3. Raw and aligned outputs should both be preserved
This is one of the main transparency advantages the public model can offer. Users should be able to see:
- what the model would do on its own
- what changed because of alignment
- how sensitive the results are to that alignment
That is a stronger public contribution than pretending the calibration layer does not exist.

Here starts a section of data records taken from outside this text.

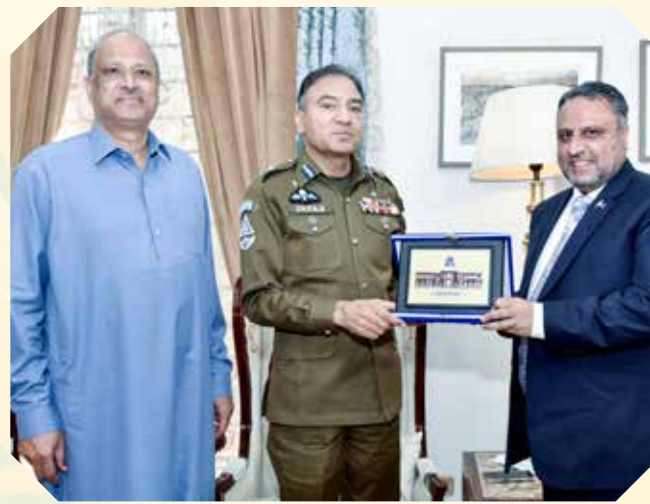
Additional IG Police South Punjab Visits IUB | 04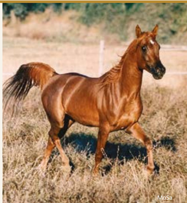
KEN MAHBUB KEN ASAM x KEN BINT BINT MAHIBA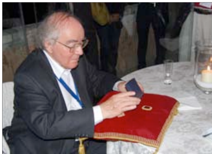
Martin Fleischmann admires the medal presented to him.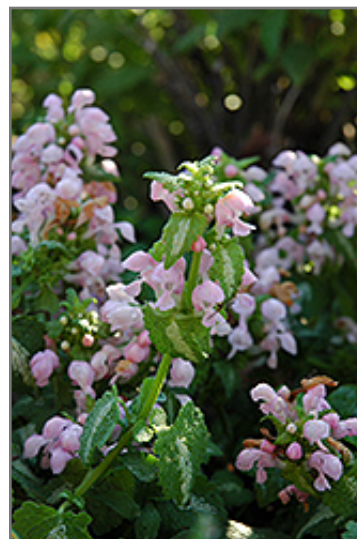
Shell Pink Spotted Dead Nettle flowers

Recommended build sequence
The cleanest sequence is:
- Baseline mortality layer age-sex hazard plus event timing
- Differential mortality adjustments using earnings or education proxies
- Survivor-facing validation widowhood and survivor counts
- Forward projection alignment using Trustees-style benchmarks
- Projection drift scorecard raw versus aligned monitoring and uncertainty reporting
This is realistic, fundable, and easier to validate than attempting a fully endogenous mortality-and-macro system from the outset.
Bottom line
The proposal should not describe mortality as “use SSA life tables” and projection quality as “align to Trustees assumptions.”
It should describe:
- an explicit mortality state layer
- differential survival by socioeconomic status
- survivor-relevant death timing
- a multi-layer drift-control stack
- evaluation metrics that make stage 3 falsifiable
That is the level of operational detail needed if the project is going to claim serious long-run Social Security analysis.